# RCA DVR40 with no satellite



## andsmith79 (Oct 24, 2004)

I'd like to purchase an RCA DVR40 (going small since I have another drive to put in it), but have some qestions about the connections and putting zipper on it.

I live in an apartment where the TV cable comes from a standard coax connection on the wall. We have DirecTV, but the leasing office controls the box and feeds the signal out to all apartments. So my TV connects directly to the wall jack.

Will I be able to use the DirecTV RCA DVR40 with zipper even though I would not be connecting to a satellite?
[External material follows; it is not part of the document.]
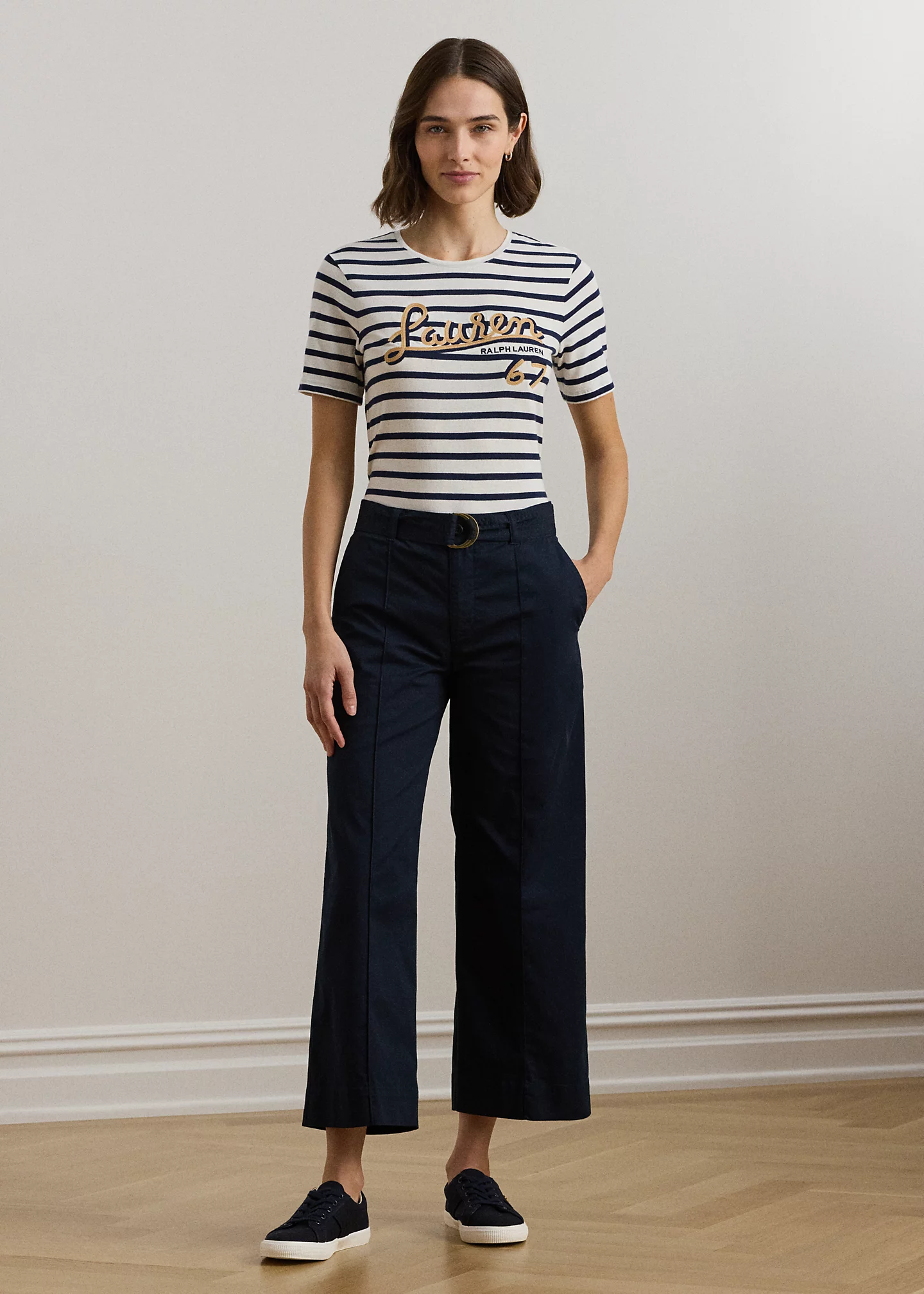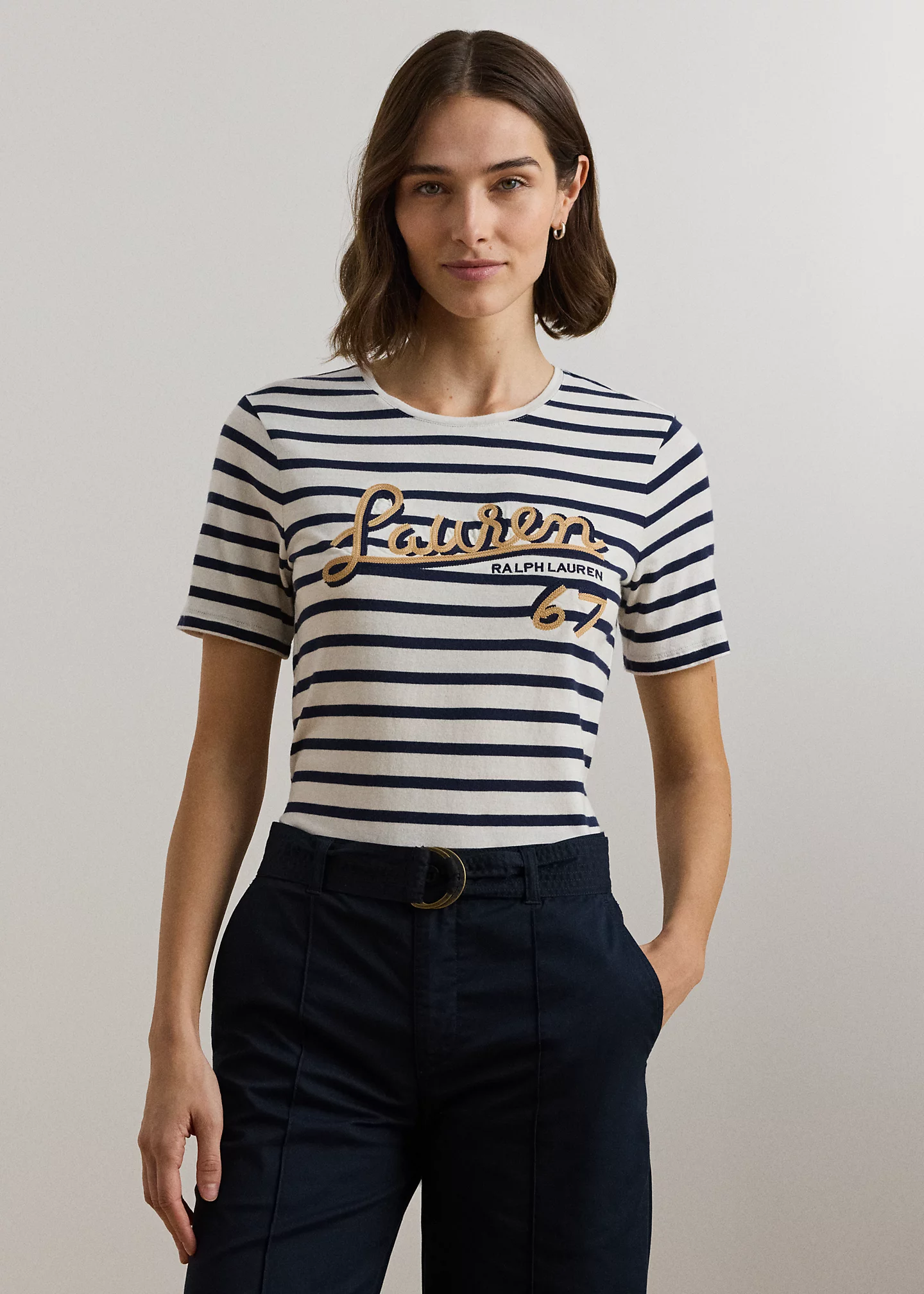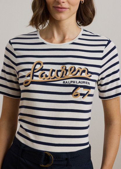 - Short sleeves. Oversize “Lauren Ralph Lauren 67”–embroidered logo at the chest.

Will it work if I just connect the coax from my wall jack into the input on the back of the DVR?

I currently have a stand alone Tivo 540040, but unstand that I'm not able to put zipper on it without messing around with the PROM.

Thanks!


----------



## BTUx9 (Nov 13, 2003)

Even though the original source may be directv, that isn't what your apt. building is supplying to you, so I'm afraid you won't be able to use any directv equipment with that input.

in the unlikely event that you have a SSW exposure from a balcony, you could put in a directv satellite dish of your own, but other than that, not much you can do


----------



## andsmith79 (Oct 24, 2004)

Thanks for the quick response! Is there anything I can do with my current stand alone Tivo 540040...that does not require removal of the prom? I cancelled the subscription on it and haven't gone back since they are requiring a 1-year contract now!


----------